◆ DATA ◆
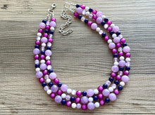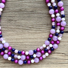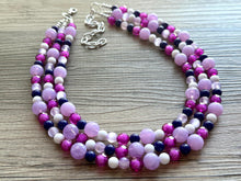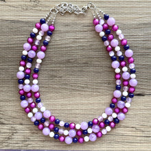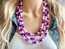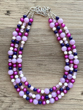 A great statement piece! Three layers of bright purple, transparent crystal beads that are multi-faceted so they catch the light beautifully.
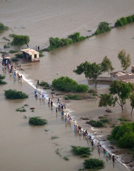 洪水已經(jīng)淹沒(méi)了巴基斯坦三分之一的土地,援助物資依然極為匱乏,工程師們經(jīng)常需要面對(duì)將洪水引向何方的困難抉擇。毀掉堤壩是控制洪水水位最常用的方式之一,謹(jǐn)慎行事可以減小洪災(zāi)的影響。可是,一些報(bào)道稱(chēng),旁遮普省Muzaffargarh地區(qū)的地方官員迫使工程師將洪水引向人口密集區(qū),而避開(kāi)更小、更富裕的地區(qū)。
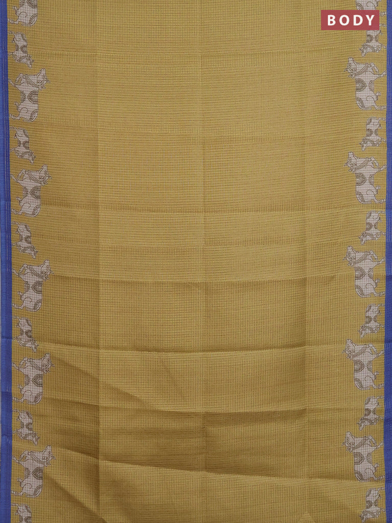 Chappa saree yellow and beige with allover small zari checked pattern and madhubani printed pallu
...
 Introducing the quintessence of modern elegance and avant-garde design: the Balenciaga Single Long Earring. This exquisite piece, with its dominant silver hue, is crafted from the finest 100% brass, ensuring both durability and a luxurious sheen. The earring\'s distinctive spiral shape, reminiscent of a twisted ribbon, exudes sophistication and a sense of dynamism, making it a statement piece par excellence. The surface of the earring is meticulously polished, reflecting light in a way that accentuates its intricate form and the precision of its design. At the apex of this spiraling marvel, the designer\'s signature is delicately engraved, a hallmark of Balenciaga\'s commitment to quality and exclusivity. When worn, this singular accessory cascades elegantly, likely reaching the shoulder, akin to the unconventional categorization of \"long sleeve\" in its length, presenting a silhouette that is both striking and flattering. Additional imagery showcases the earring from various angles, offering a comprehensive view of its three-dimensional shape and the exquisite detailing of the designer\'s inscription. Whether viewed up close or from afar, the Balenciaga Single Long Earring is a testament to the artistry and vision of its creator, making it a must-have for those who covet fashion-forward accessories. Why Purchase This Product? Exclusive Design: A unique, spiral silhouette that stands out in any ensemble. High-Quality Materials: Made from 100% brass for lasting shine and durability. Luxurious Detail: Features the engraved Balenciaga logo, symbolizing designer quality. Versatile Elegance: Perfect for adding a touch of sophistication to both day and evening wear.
==
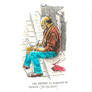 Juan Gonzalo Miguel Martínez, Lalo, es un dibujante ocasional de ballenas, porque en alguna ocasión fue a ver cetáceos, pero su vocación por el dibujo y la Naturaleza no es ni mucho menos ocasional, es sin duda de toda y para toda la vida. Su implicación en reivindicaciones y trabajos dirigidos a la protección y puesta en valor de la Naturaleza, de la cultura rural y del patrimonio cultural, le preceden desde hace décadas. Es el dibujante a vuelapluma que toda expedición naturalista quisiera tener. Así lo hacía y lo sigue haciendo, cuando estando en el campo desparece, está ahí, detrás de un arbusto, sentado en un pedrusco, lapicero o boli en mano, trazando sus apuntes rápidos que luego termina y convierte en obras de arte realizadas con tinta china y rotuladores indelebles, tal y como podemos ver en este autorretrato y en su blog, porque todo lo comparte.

◆ WHAT IS NEEDED ◆
The lines to copy exactly start with the line above that has "A great statement" and go on through the line that has "Chappa saree yellow"; please include both, add nothing else, and omit the pictures.

◆ EXERCISE RESULT ◆
 A great statement piece! Three layers of bright purple, transparent crystal beads that are multi-faceted so they catch the light beautifully.
 洪水已經(jīng)淹沒(méi)了巴基斯坦三分之一的土地,援助物資依然極為匱乏,工程師們經(jīng)常需要面對(duì)將洪水引向何方的困難抉擇。毀掉堤壩是控制洪水水位最常用的方式之一,謹(jǐn)慎行事可以減小洪災(zāi)的影響。可是,一些報(bào)道稱(chēng),旁遮普省Muzaffargarh地區(qū)的地方官員迫使工程師將洪水引向人口密集區(qū),而避開(kāi)更小、更富裕的地區(qū)。
 Chappa saree yellow and beige with allover small zari checked pattern and madhubani printed pallu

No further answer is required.